Here's a table that may help: http://italian.about.com/library/fare/blfare153a.htm
As in Spanish, Italian language looks for the faster way of expressing ideas. You'll see that upon the different exercises. In my opinion, "I write on the recipe" would mean "I write on top of the recipe card", but as you may have seen there are a lot of cases that many words are taken out; for example, the articles that could make a sentence redundant.
It depends on the context. It might also be "over", in the sense that I am writing on a support (on a notebook, pc, etc) that lies on a recipe card. It's a bit difficult to talk about exact meaning with sentences this short. I think that "sul" as a synonym of "about" is only used after words that indicate a piece of written work such as "trattato", "saggio" (essay), "articolo" (article) or "libro" (book). The plain "scrivere sul" meaning "about" is rather archaic. Example: Un libro sugli animali = A book about animals Sto scrivendo un articolo sulle ricette di mia nonna = I'm writing an article about my granny's recipes But: Un libro di ricette = A recipe book
you could write on a recipe for multiple reasons, like to make corrections or change measurements.
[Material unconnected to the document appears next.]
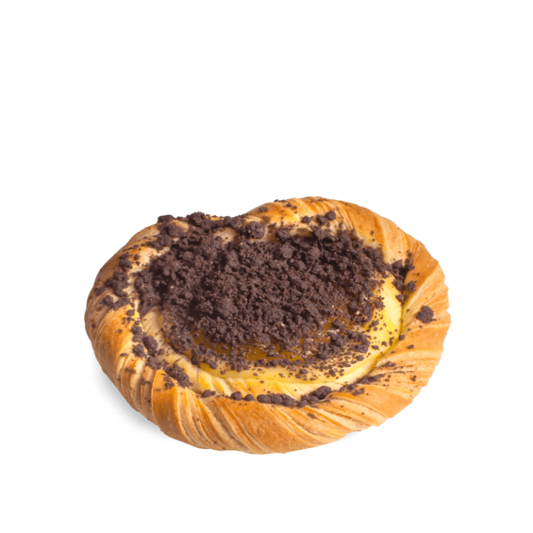Puszyste ciasto drożdżowe z kruszonką kakaową, budyniem i nadzieniem ananasowo-brzoskwiniowym. Bez dodatku cukru. Zawiera naturalnie występujące cukry. Zawiera substancję słodzącą.

A lot of these sentences aren't meant to be taken literally, just used to help you practice. For example, you wouldn't take a tiger from the zoo...
That's correct but sometimes prepositions are used differently. For example, in Italian you don't put something on a plate, but you put something in a plate, i.e. nel piatto. Another example is you don't look in a mirror, you look at the mirror, allo speccio, and you don't talk on the phone, rather at the phone, al telefono. I saw one description that prepositions are little devils, and I'd agree but with practice you do start getting used to them, and your understanding of the language improves.